On 08/08/2019 11:50 AM, Justin He (Arm Technology China) wrote:
> Hi Anshuman
> Thanks for the comments, please see my comments below
> 
>> -----Original Message-----
>> From: Anshuman Khandual <anshuman.khandual@arm.com>
>> Sent: 2019年8月8日 13:19
>> To: Justin He (Arm Technology China) <Justin.He@arm.com>; Catalin
>> Marinas <Catalin.Marinas@arm.com>; Will Deacon <will@kernel.org>;
>> Mark Rutland <Mark.Rutland@arm.com>; James Morse
>> <James.Morse@arm.com>
>> Cc: Christoffer Dall <Christoffer.Dall@arm.com>; Punit Agrawal
>> <punitagrawal@gmail.com>; Qian Cai <cai@lca.pw>; Jun Yao
>> <yaojun8558363@gmail.com>; Alex Van Brunt <avanbrunt@nvidia.com>;
>> Robin Murphy <Robin.Murphy@arm.com>; Thomas Gleixner
>> <tglx@linutronix.de>; linux-arm-kernel@lists.infradead.org; linux-
>> kernel@vger.kernel.org
>> Subject: Re: [PATCH] arm64: mm: add missing PTE_SPECIAL in
>> pte_mkdevmap on arm64
>>
> [...]
>>> diff --git a/arch/arm64/include/asm/pgtable.h
>> b/arch/arm64/include/asm/pgtable.h
>>> index 5fdcfe237338..e09760ece844 100644
>>> --- a/arch/arm64/include/asm/pgtable.h
>>> +++ b/arch/arm64/include/asm/pgtable.h
>>> @@ -209,7 +209,7 @@ static inline pmd_t pmd_mkcont(pmd_t pmd)
>>>
>>>  static inline pte_t pte_mkdevmap(pte_t pte)
>>>  {
>>> -	return set_pte_bit(pte, __pgprot(PTE_DEVMAP));
>>> +	return set_pte_bit(pte, __pgprot(PTE_DEVMAP | PTE_SPECIAL));
>>>  }
>>>
>>>  static inline void set_pte(pte_t *ptep, pte_t pte)

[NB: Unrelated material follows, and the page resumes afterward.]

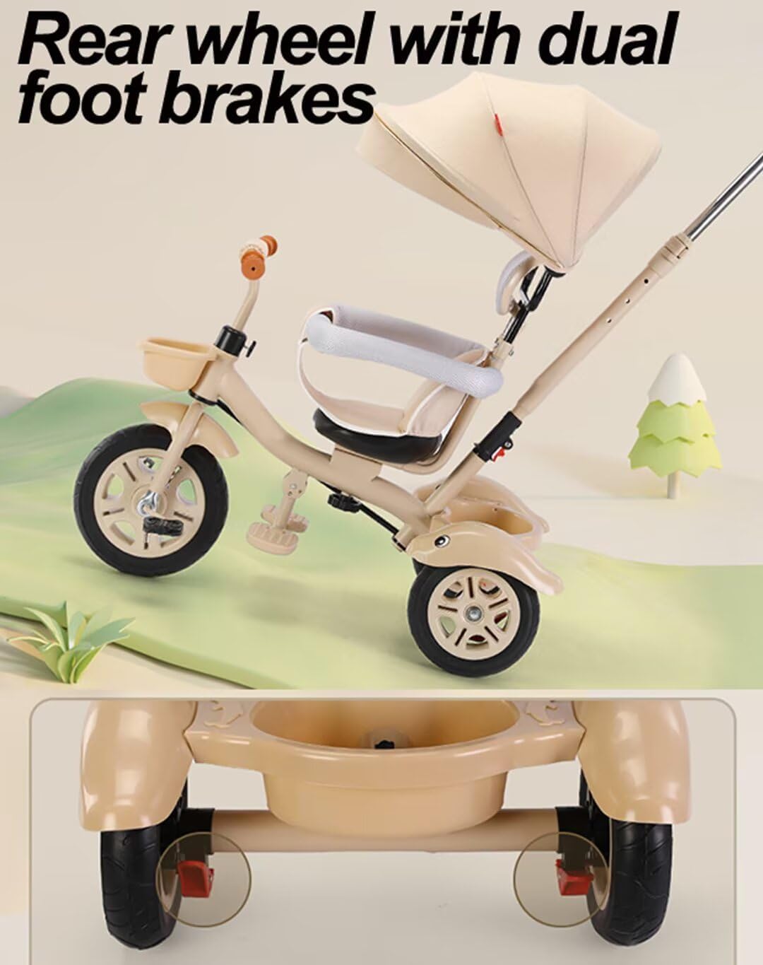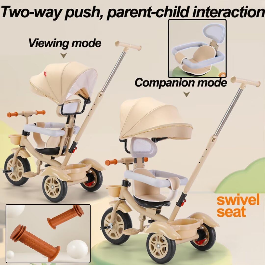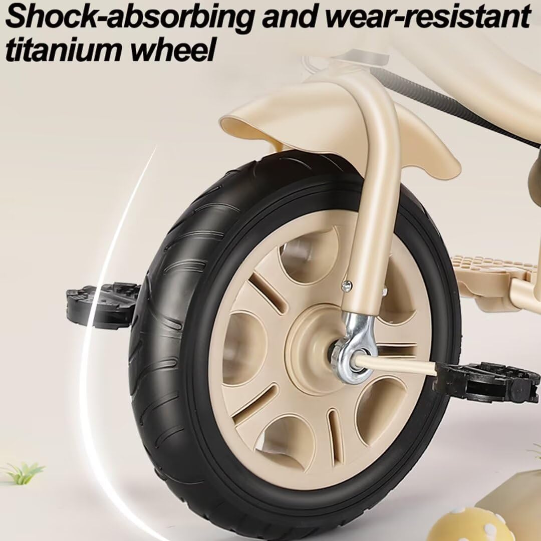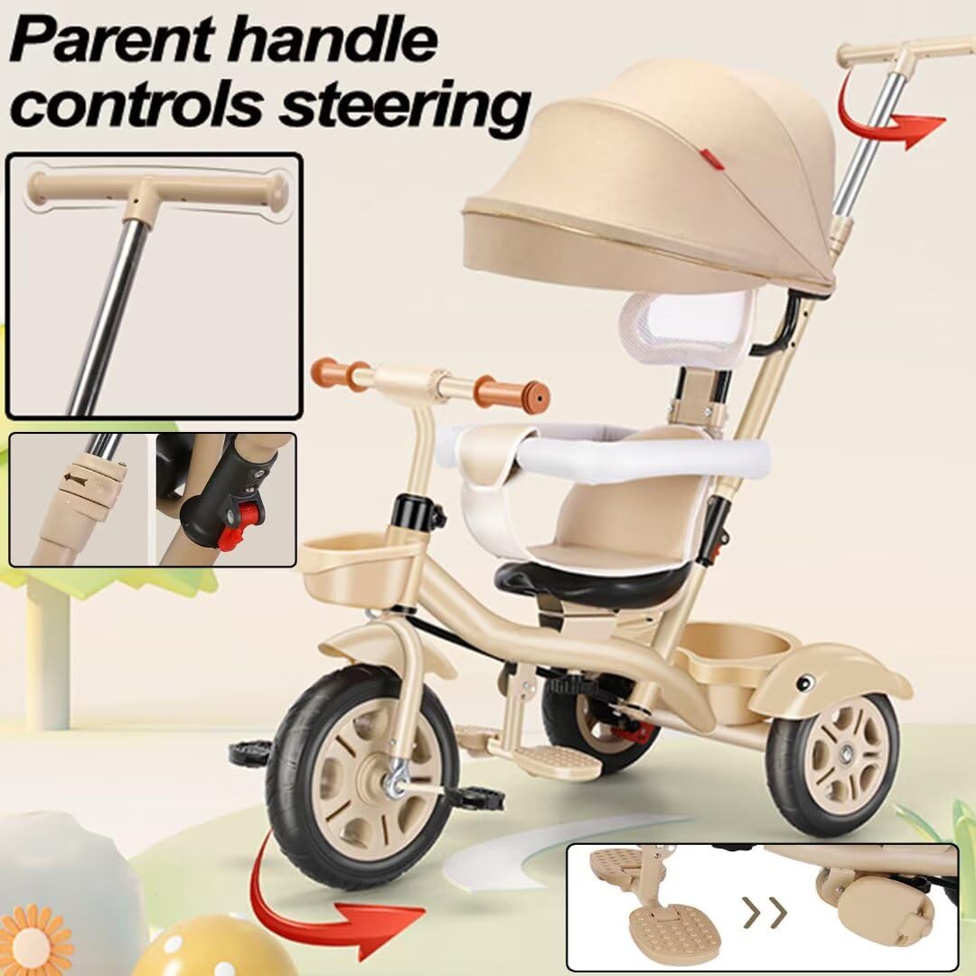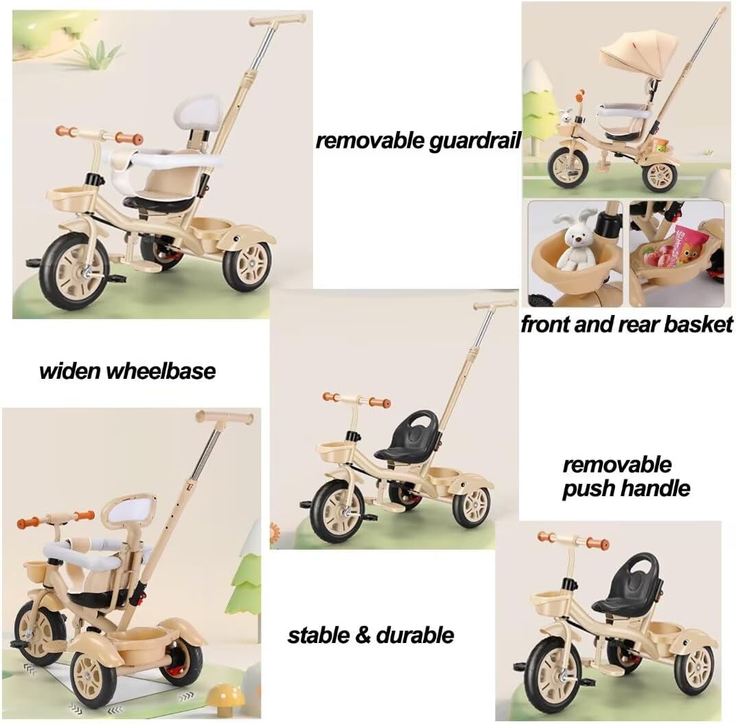 【Triciclo a 3 ruote】Sedile girevole con poggiatesta/guardrail. Nella modalità di spinta dei genitori i piedi del bambino possono essere posizionati in modo sicuro sul poggiapiedi. 【Passeggino robusto】 Il telaio del triciclo è realizzato in acciaio al carbonio di alta qualità, con una struttura triangolare estremamente stabile e una saldatura fine avanzata e può supportare un peso di 30 kg. 【Passeggino con assistenza parentale e triciclo con pedali】 Modalità passeggino con assistenza parentale: il collegamento dell'asta di spinta posteriore alla ruota anteriore, la direzione è completamente controllata dai genitori. Modalità triciclo con pedali - Con i pedali sulla ruota anteriore, il tuo bambino potrà esercitarsi a pedalare e guidare il triciclo in modo indipendente. 【Ruota in titanio】 Questo triciclo per bambini è dotato di ruote in titanio, che ti consentono di spingere facilmente il triciclo per bambini sul lungomare, sulla strada in cemento, sulla strada asfaltata o sulla strada asfaltata. Le ruote posteriori con doppi freni ti aiutano a mantenere il triciclo in posizione. [Utente applicabile] Questo triciclo può trasportare un carico massimo di 30 kg. La fascia d'età approssimativa è 2-5 anni, altezza adatta 80-125 cm, ordinala in base all'effettivo sviluppo del bambino.

>>> @@ -396,7 +396,10 @@ static inline int pmd_protnone(pmd_t pmd)
>>>  #ifdef CONFIG_TRANSPARENT_HUGEPAGE
>>>  #define pmd_devmap(pmd)		pte_devmap(pmd_pte(pmd))
>>>  #endif
>>> -#define pmd_mkdevmap(pmd)
>> 	pte_pmd(pte_mkdevmap(pmd_pte(pmd)))
>>> +static inline pmd_t pmd_mkdevmap(pmd_t pmd)
>>> +{
>>> +	return pte_pmd(set_pte_bit(pmd_pte(pmd),
>> __pgprot(PTE_DEVMAP)));
>>> +}
>>
>> Though I could see other platforms like powerpc and x86 following same
>> approach (DEVMAP + SPECIAL) for pte so that it checks positive for
>> pte_special() but then just DEVMAP for pmd which could never have a
>> pmd_special(). But a more fundamental question is - why should a devmap
>> be a special pte as well ?
> 
> IIUC, special pte bit make things handling easier compare with those arches which
> have no special bit. The memory codes will regard devmap page as a special one 
> compared with normal page.

For that we have PTE_DEVMAP on arm64 which differentiates device memory
entries from others and it should not again need PTE_SPECIAL as well for
that. We set both bits while creating the entries with pte_mkdevmap()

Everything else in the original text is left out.